EmreI’m just about finished with Katie Hafner and Matthew Lyon’s 1998 1996 history of the creation of the internet Where Wizards Stay Up Late. I’ve been enjoying it thoroughly, and while I was familiar with much of the general history presented, it’s the details and anecdotes that I find truly compelling. For example, in the first week or two of The Internet Course the term hacking came up as one of those protean terms that has various meanings depending on the context.

What’s more, in early tech culture hacking was associated with innovative approachs to a programming challenge rather than nefarious behaviour attributed to cyber criminals. Hafner and Lyons talk a bit about this when discussing how email, the application which would help popularize the internet, was a hack.

Using the ARPANET as a sophistiacted mail system was simply a good hack. In those days [the early 70s] hacking had nothing to do with malicious or destructive behavior; a good hack was a creative or inspired bit of programming. The best hackers were professionals.
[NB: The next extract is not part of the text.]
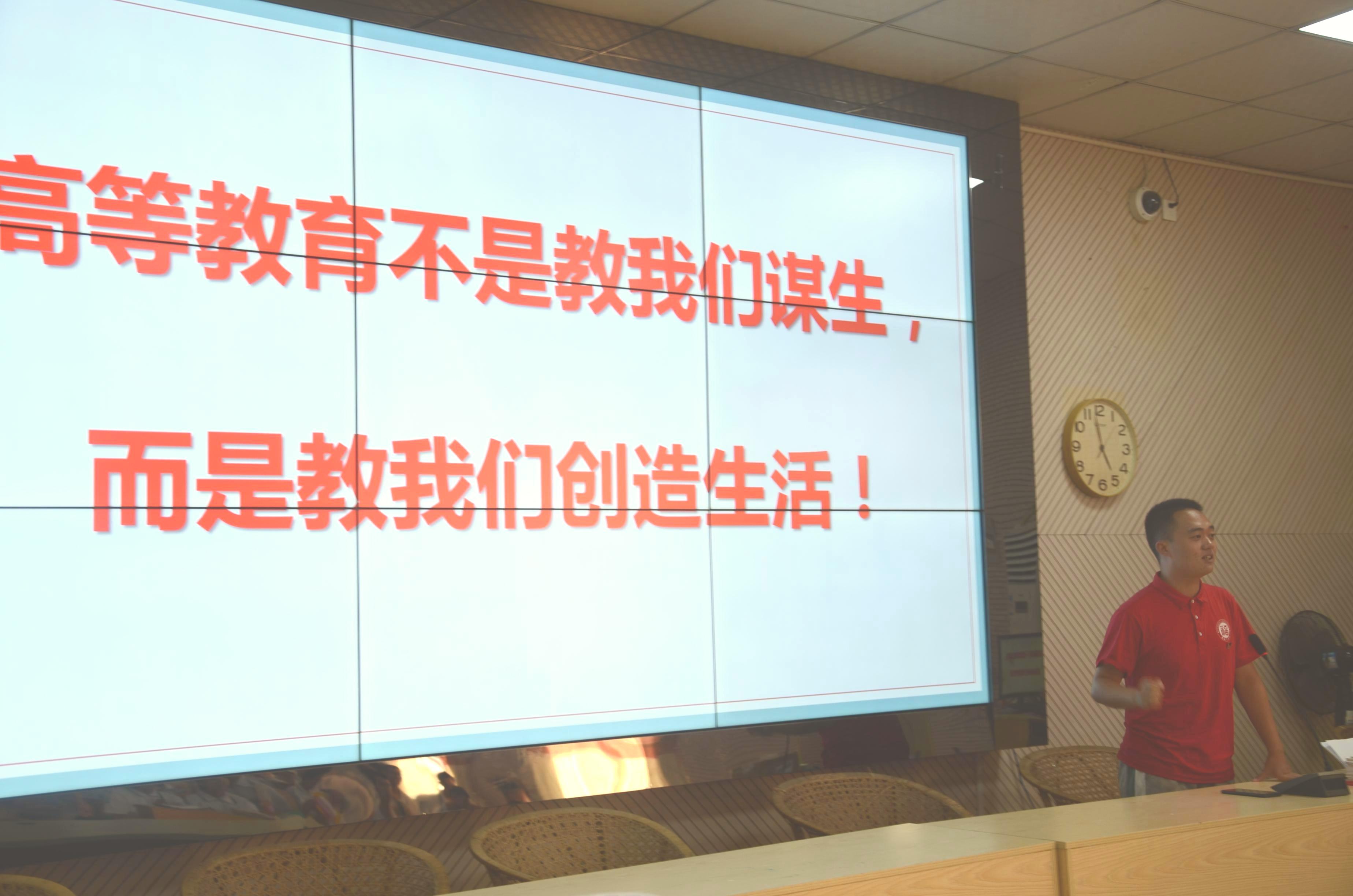 “高等教育不是教我们谋生而是教我们创造生活"这是武汉大学邓红兵教授在微博上发表的言论。实践队的队长张俊杰在本次宣讲的结尾引用这句话与在场的同学们共勉。

Meddlesome and malicious network users, which were virtually none at the outset, were first referred to as “network randoms” or “net randoms” or just plain “randoms.” It would be another decade before hacking would be given a bad name.

I love the early terminology of hackers as “randoms,” it seems much more gentle in its criticism. Whereas hacker paints a much starker image reminiscent of Jason Vorhees with a butcher knife machete :) I’m hoping a few students from The Internet Course investigate the cultural history of the term Hacker over the past fifty years or so. The term has recently been regaining its original connotation of inspired re-thinking of traditional problems. At the same time it’s also a term which is liberally employed when suggesting technology can fix any and all of our social ills.

There are a quite a few gems like this in this book, and I’m gonna try and blog them before they slip away.